-------- RECORDS SUPPLIED --------
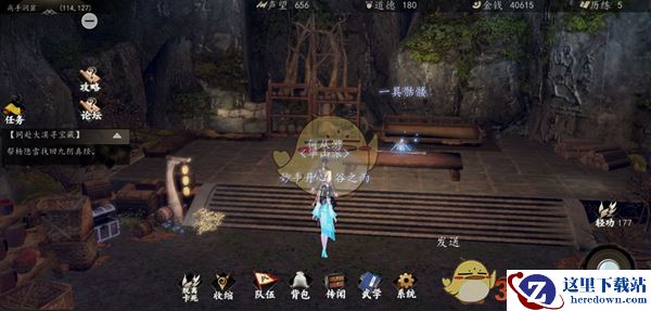 于是大致可以猜出,这个倒霉蛋为争夺名家绝学遭到江湖人追杀,本打算躲在洞穴内逃此一劫,奈何伤势过重无力享受,最后一命呜呼。打开包裹,你便能不费吹灰之力获得其用生命换来的名家绝学。
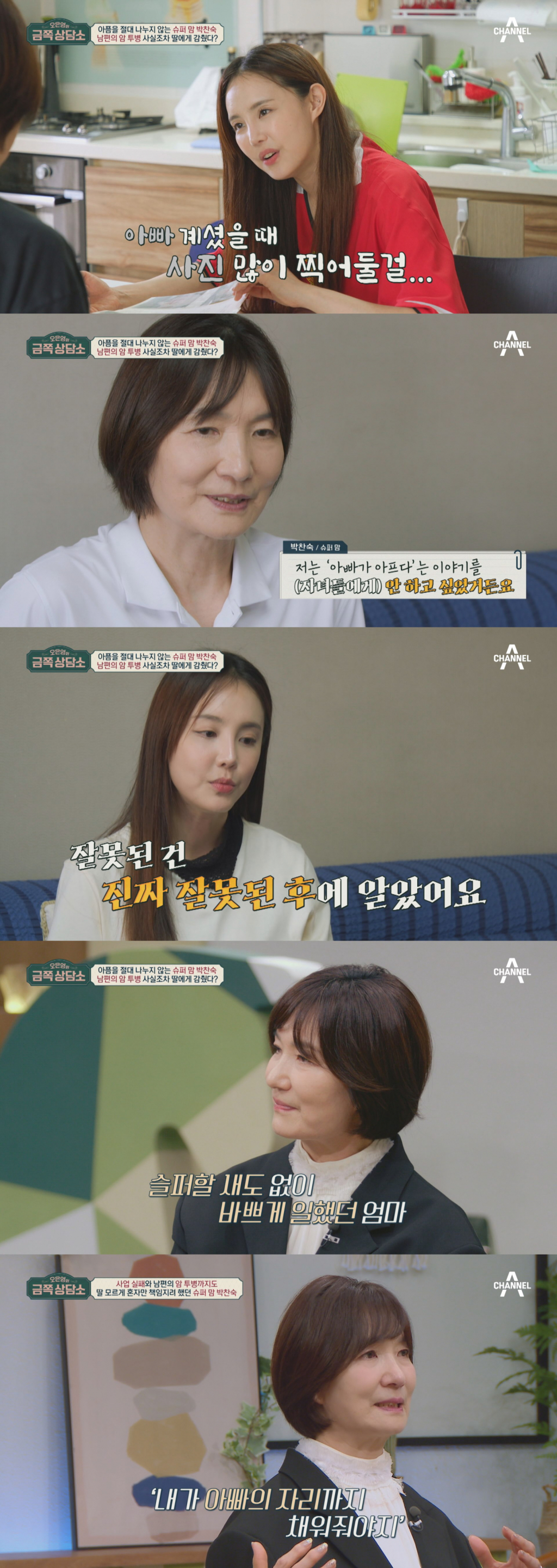 이에 박찬숙은 남편의 암 발견 후 수술과 치료를 병행했지만 이내 암이 전이되어 3년의 투병 끝에 세상을 떠났다고 밝힌다. 박찬숙은 암 투병 중인 남편을 대신해 가족들의 생계와 남편의 병원비를 책임져야 했고 자녀들에게는 아빠의 자리까지 채워줘야 했다며 가장으로서의 무거운 책임을 짊어졌음을 고백한다.
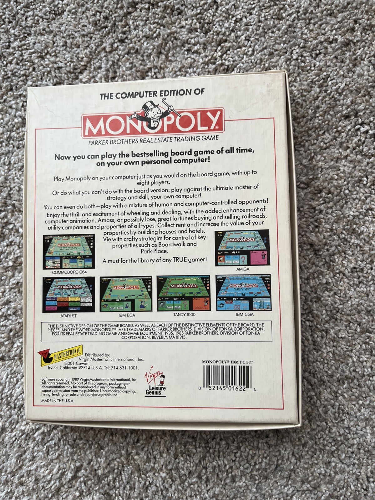 Monopoly IBM PC TANDY 1000 5.25 1989 Vintage COMPLETE Original Packaging
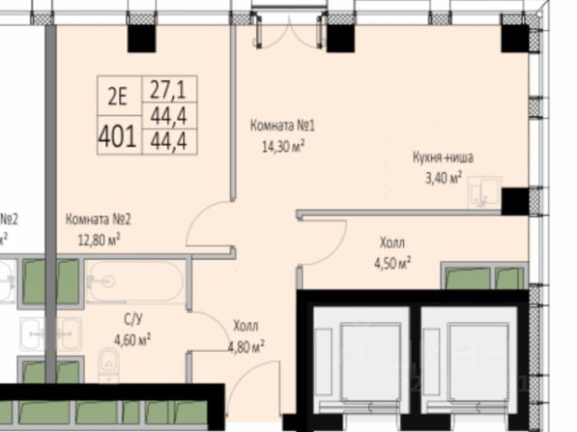 • ✅ Минимальная площадь: 44,4 м²
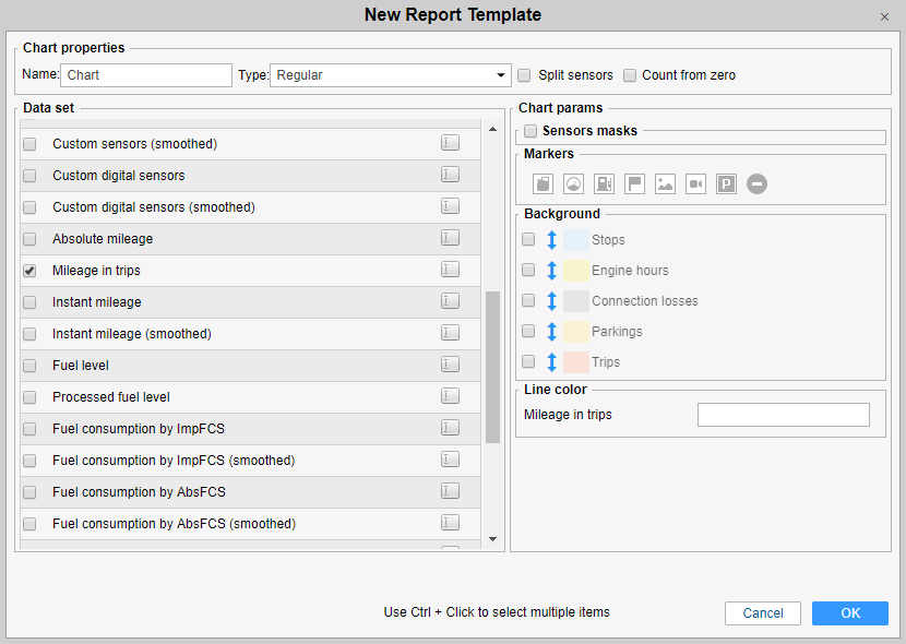 Then click Add Chart and select the required chart type (for example, mileage in trips). Note that many charts require the appropriate sensors. Press OK.
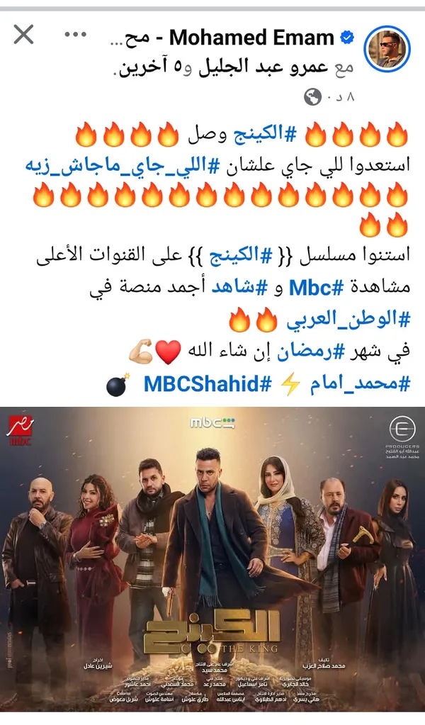 ويُعد «الكينج» من الأعمال المنتظرة بقوة في الموسم الرمضاني، نظرًا لشعبية محمد إمام الجماهيرية والنجاحات التي حققها في أعماله السابقة، بالإضافة إلى اجتماع مجموعة من الأسماء المميزة في عمل واحد، ما يرفع سقف التوقعات حول مستوى العمل فنيًا وجماهيريًا.
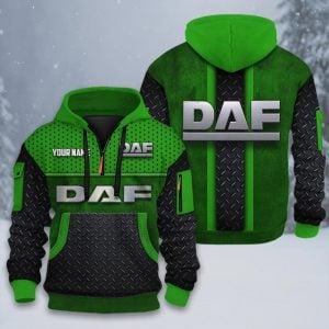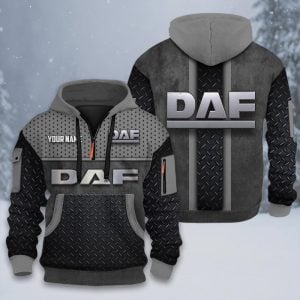 Hi there!! Are you looking at our DAF Trucks Half-zip Hoodie. These Half-zip Hoodies are unique, made with love, and they are perfect accessories for your outfit. The DAF Trucks Emblem on the Half-zip Hoodie makes it a perfect item for any DAF Trucks Lovers.
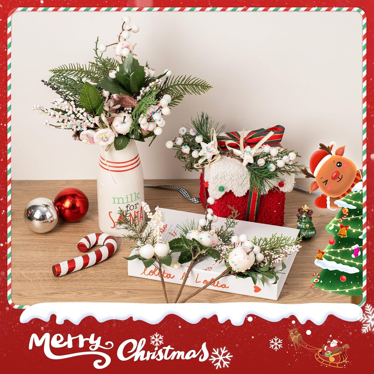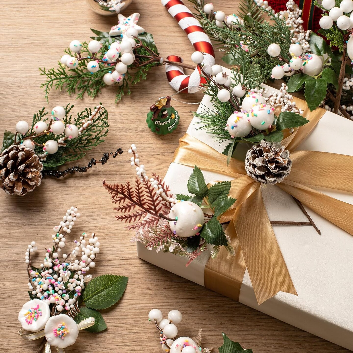 12 Pack Artificial Christmas Tree Picks (White)
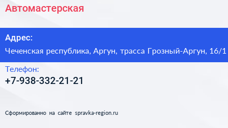 Автомастерская по адресу Чеченская республика, Аргун, трасса Грозный-Аргун, 16/1 в дальнейшем Организация, размещена в следующих категориях:
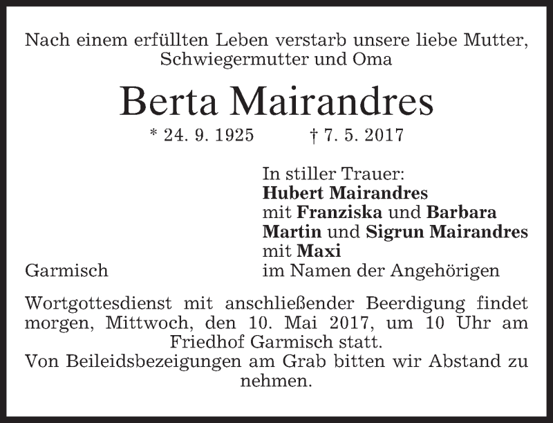 Hier finden Sie alle Traueranzeigen aus der Zeitung, die bisher für Berta Mairandres erschienen sind. Weitere Traueranzeigen, die in der Zeitung erscheinen, werden hier ebenfalls aufgelistet
--------
▸ EXERCISE: Reproduce nothing but the lines that run from the line containing "Автомастерская по адресу" through the last line of the records, inclusive. Omit the pictures.

▸ TASK OUTPUT:
 Автомастерская по адресу Чеченская республика, Аргун, трасса Грозный-Аргун, 16/1 в дальнейшем Организация, размещена в следующих категориях:
 Hier finden Sie alle Traueranzeigen aus der Zeitung, die bisher für Berta Mairandres erschienen sind. Weitere Traueranzeigen, die in der Zeitung erscheinen, werden hier ebenfalls aufgelistet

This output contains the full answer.